[Entries taken from a collection]
□ □ □ □ □ □ □
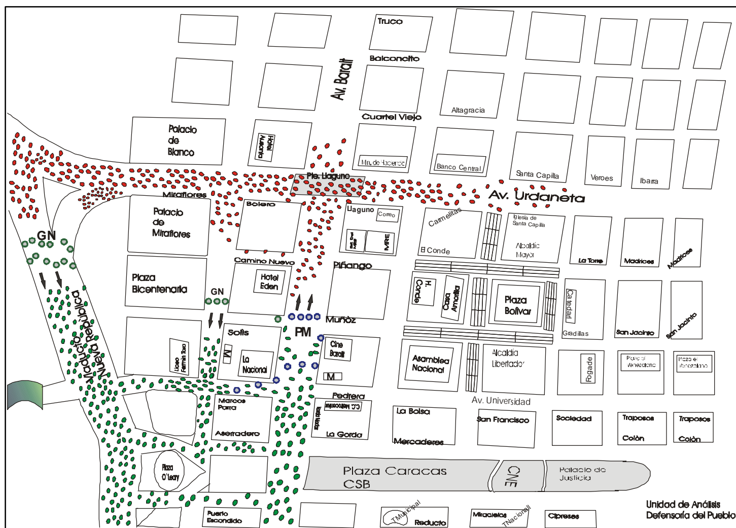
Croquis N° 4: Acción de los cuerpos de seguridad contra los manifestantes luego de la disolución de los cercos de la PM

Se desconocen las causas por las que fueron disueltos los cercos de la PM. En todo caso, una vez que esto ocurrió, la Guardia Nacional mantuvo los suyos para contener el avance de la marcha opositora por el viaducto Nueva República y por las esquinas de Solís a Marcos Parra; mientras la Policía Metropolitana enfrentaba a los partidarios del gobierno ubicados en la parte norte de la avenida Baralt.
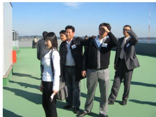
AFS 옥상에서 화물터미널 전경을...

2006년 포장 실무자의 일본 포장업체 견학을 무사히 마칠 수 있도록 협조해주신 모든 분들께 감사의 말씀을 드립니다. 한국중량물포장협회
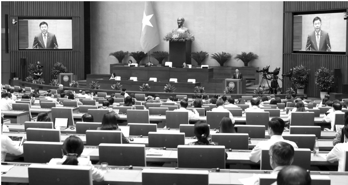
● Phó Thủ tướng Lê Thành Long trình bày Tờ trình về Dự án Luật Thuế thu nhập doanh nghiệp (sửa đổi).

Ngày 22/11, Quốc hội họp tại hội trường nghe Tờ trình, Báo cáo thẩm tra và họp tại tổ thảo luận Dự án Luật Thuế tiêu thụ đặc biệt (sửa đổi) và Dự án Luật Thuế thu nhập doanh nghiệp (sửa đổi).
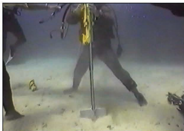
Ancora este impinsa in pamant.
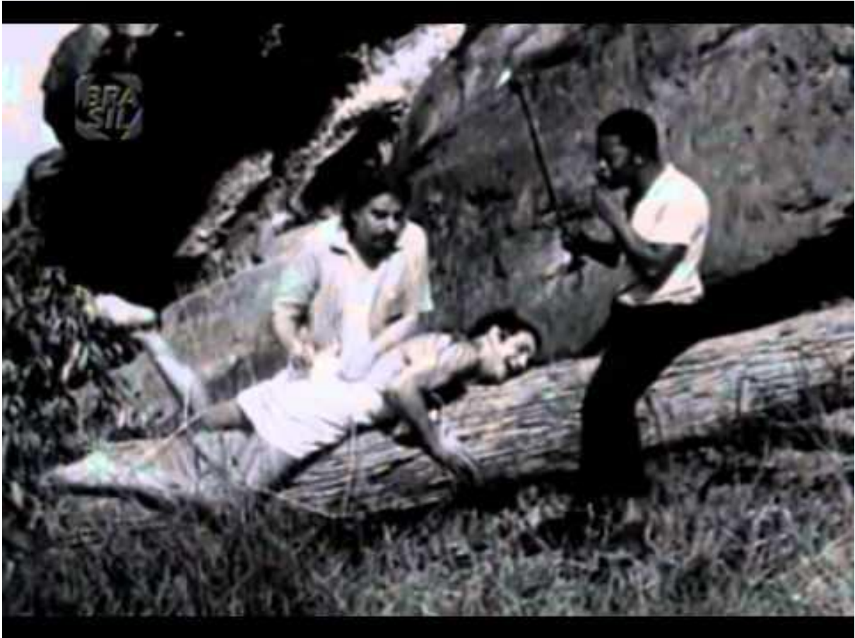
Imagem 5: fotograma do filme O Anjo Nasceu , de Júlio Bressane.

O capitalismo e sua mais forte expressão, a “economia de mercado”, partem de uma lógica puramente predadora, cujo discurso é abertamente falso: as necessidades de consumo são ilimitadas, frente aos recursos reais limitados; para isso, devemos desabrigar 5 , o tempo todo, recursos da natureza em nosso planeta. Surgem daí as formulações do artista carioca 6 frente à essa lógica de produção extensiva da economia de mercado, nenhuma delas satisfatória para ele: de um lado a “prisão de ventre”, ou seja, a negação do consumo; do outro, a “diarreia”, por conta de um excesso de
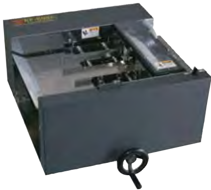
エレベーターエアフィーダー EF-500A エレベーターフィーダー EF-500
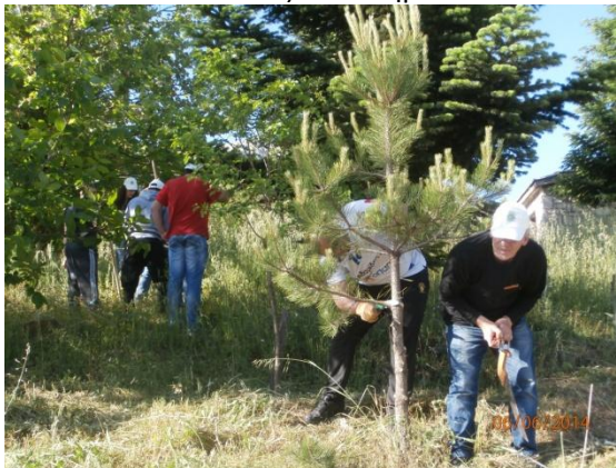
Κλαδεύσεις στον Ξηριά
□ □ □ □ □ □ □
*What you are asked to do:* Set down again, exactly, every line above from the one with "AFS 옥상에서 화물터미널 전경을..." down to the one with "Phó Thủ tướng", both ends included. No pictures, and nothing else.

*Reply to the exercise:*
AFS 옥상에서 화물터미널 전경을...

2006년 포장 실무자의 일본 포장업체 견학을 무사히 마칠 수 있도록 협조해주신 모든 분들께 감사의 말씀을 드립니다. 한국중량물포장협회
● Phó Thủ tướng Lê Thành Long trình bày Tờ trình về Dự án Luật Thuế thu nhập doanh nghiệp (sửa đổi).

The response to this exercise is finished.